+++ Entries shown +++

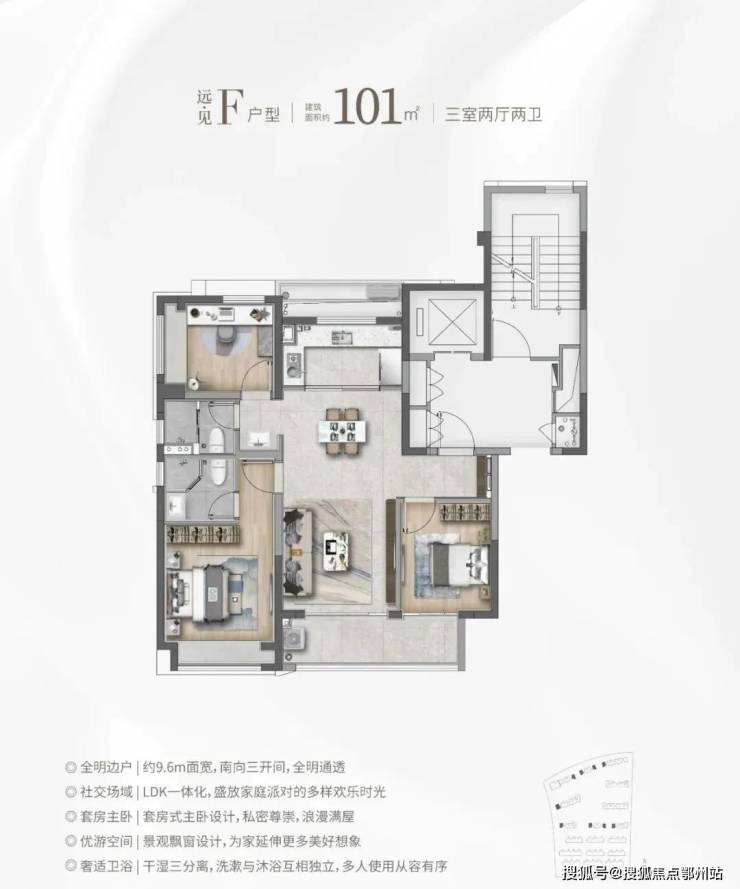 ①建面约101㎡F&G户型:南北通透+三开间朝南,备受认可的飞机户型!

+++
+++ Entries shown +++

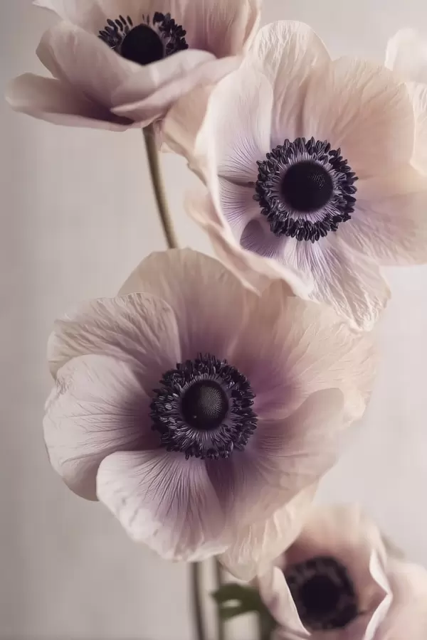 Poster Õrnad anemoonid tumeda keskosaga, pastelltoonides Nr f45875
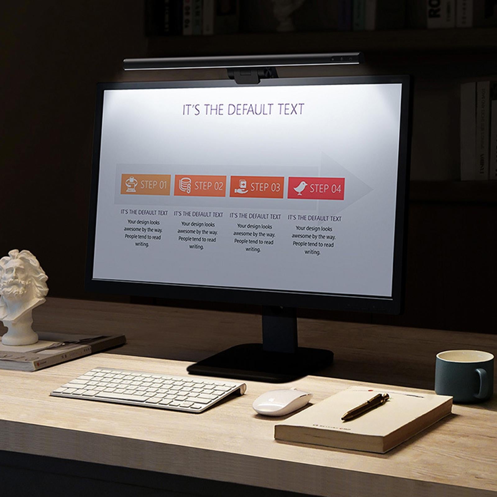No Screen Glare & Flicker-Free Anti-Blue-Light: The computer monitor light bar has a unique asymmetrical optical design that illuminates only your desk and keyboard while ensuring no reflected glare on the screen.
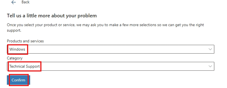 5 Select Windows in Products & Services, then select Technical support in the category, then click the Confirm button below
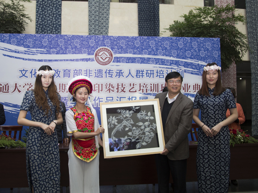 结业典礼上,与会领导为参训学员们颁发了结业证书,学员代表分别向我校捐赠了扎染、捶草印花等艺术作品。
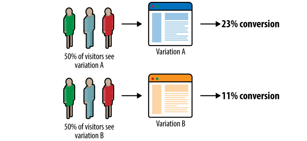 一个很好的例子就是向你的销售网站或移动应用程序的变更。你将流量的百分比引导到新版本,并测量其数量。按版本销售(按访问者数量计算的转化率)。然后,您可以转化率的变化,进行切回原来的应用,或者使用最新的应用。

+++
+++ Entries shown +++

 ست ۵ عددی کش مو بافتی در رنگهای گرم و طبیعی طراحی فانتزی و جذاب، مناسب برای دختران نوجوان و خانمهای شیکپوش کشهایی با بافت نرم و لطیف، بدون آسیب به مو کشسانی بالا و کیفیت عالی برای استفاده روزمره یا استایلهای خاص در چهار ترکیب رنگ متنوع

+++

--- What to produce ---
An exact copy is needed. It runs from the line above containing "结业典礼上,与会领导为参训学" down to the line containing "一个很好的例子就是向你的销售", both included, with no pictures.

--- Response to the task ---
 结业典礼上,与会领导为参训学员们颁发了结业证书,学员代表分别向我校捐赠了扎染、捶草印花等艺术作品。
 一个很好的例子就是向你的销售网站或移动应用程序的变更。你将流量的百分比引导到新版本,并测量其数量。按版本销售(按访问者数量计算的转化率)。然后,您可以转化率的变化,进行切回原来的应用,或者使用最新的应用。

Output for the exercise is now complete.